LAWS(KER)-2020-3-637

KANNOTH KOTTARAN OMANA AMMA Vs. CHATHOTH BALACHANDRAN

Decided On March 06, 2020
Kannoth Kottaran Omana Amma Appellant
V/S
Chathoth Balachandran Respondents

JUDGEMENT

(1.) The 9th defendant who is the appellant herein is the foster daughter of one Narayanan Nambiar and his wife Sreedevi Amma. Narayan Nambiar during his life time had executed Ext.B1 registered Will, by which, the properties were bequeathed to his wife Sreedevi Amma with a further clause that in the event of any property found left out on her demise, the same would go to their foster daughter, the 9th defendant. After the death of Sreedevi Amma, her natural legal heirs came up with the suit claiming right over the property by devolution. It was contested by the 9th defendant, the foster daughter, claiming exclusive right over the property based on the clause in the Will directing ultimate disposition in her favour. Thus, the construction of Ext.B1 Will and the legal validity of ultimate disposition made therein were came up as substantial question of law.
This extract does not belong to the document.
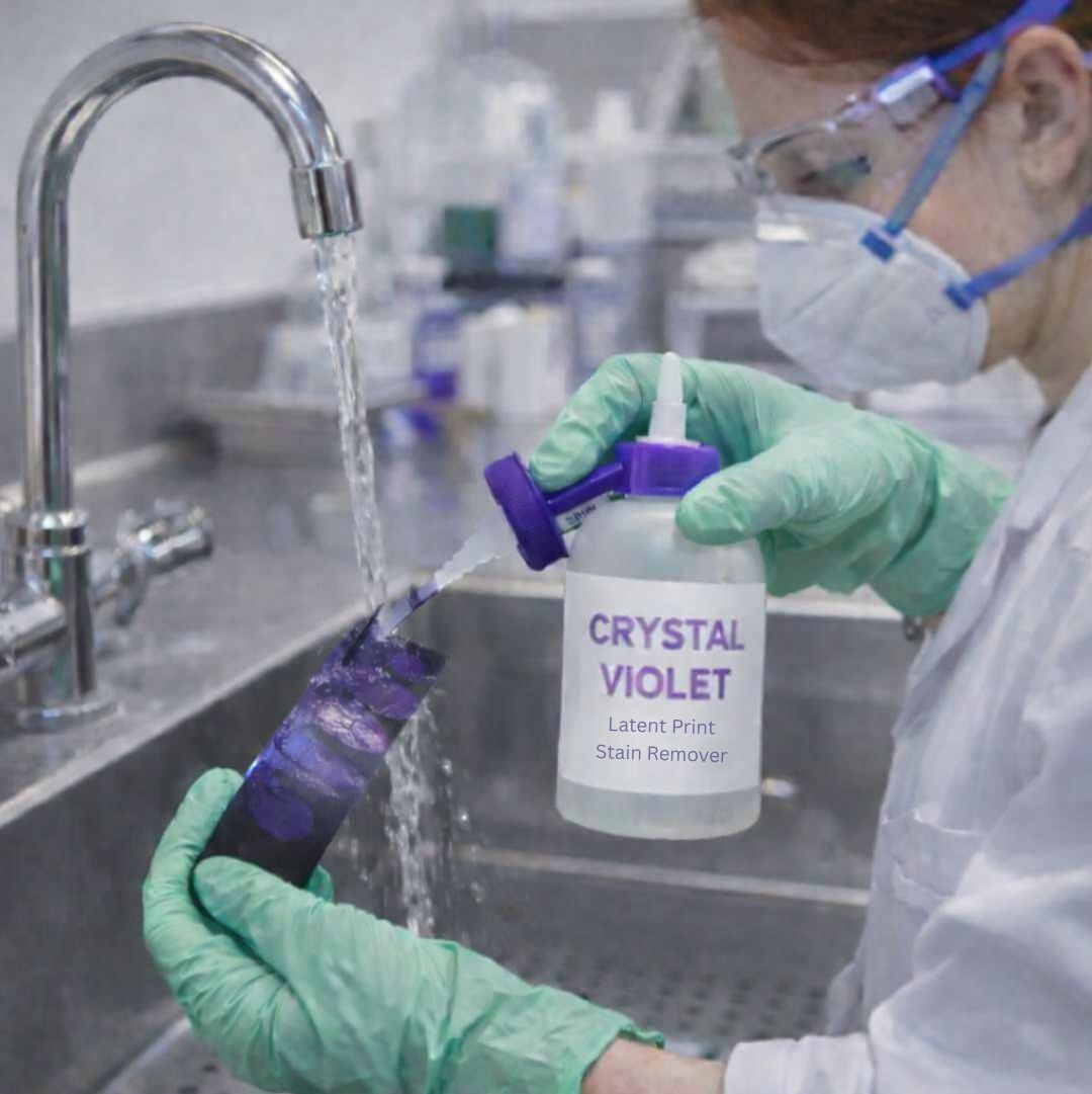 Use Crystal Violet to develop latent fingerprints on the adhesive side of almost any kind of tape, e.g., Scotch, electrical, Kraft, etc. Mix the powder in water, soak the tape in the solution and rinse with running tap water. The problem of working with Crystal Violet powder or solution is that it is a very messy dye and will stain skin, clothes, floors and counter tops. It may be very difficult, if not impossible, to remove the stains from some clothing, furniture and floor covering. Crystal Violet is also often used as a “theft detection powder.” Firstly the item is first VERY lightly dusted with the powder and when the item comes into contact with moisture (for example, the thief’s hands), it turns dark purple and stains anything that comes into contact with it. However, this use is NOT suggested due to the messy nature of the product and the fact that the stains DO NOT come out of most surfaces. Shelf-life of Crystal Violet powder: indefinite. The working solution should not be kept much longer than 3-6 months. While older solutions may continue to work, the results might not be as good.

(2.) This Court in Smitha K.S. and another v. Devaki and another ( 2020 (2) KHC 42) had the occasion to consider the impact of wording 'after the death of both of us, the property will go to' in a testamentary succession and held that the words indicate only a life interest. It is further held that when an apparently absolute bequest is followed by a gift of the same to another on the demise of the first, then the interest of the first bequest is considered as a life interest only and relied on the legal proposition laid down in Ramachandra Shenoy and another v. Mrs. Hilda Brite and Others ( AIR 1964 SC 1323=1964 KHC 561=1964 (2) SCR 722) without noticing the legal position settled by the Privy Council and a Constitution Bench of the Apex Court on the matter.

(3.) In the year 1935, the Privy Council had laid down the legal position in Rameshwar Bakhsh Singh and others v. Balraj Kaur and others ( AIR 1935 PC 187) that where an absolute estate is created by a Will in favour of devisee, the clauses in the Will which are repugnant to such absolute estate cannot cut down the estate; but they must be held to be invalid.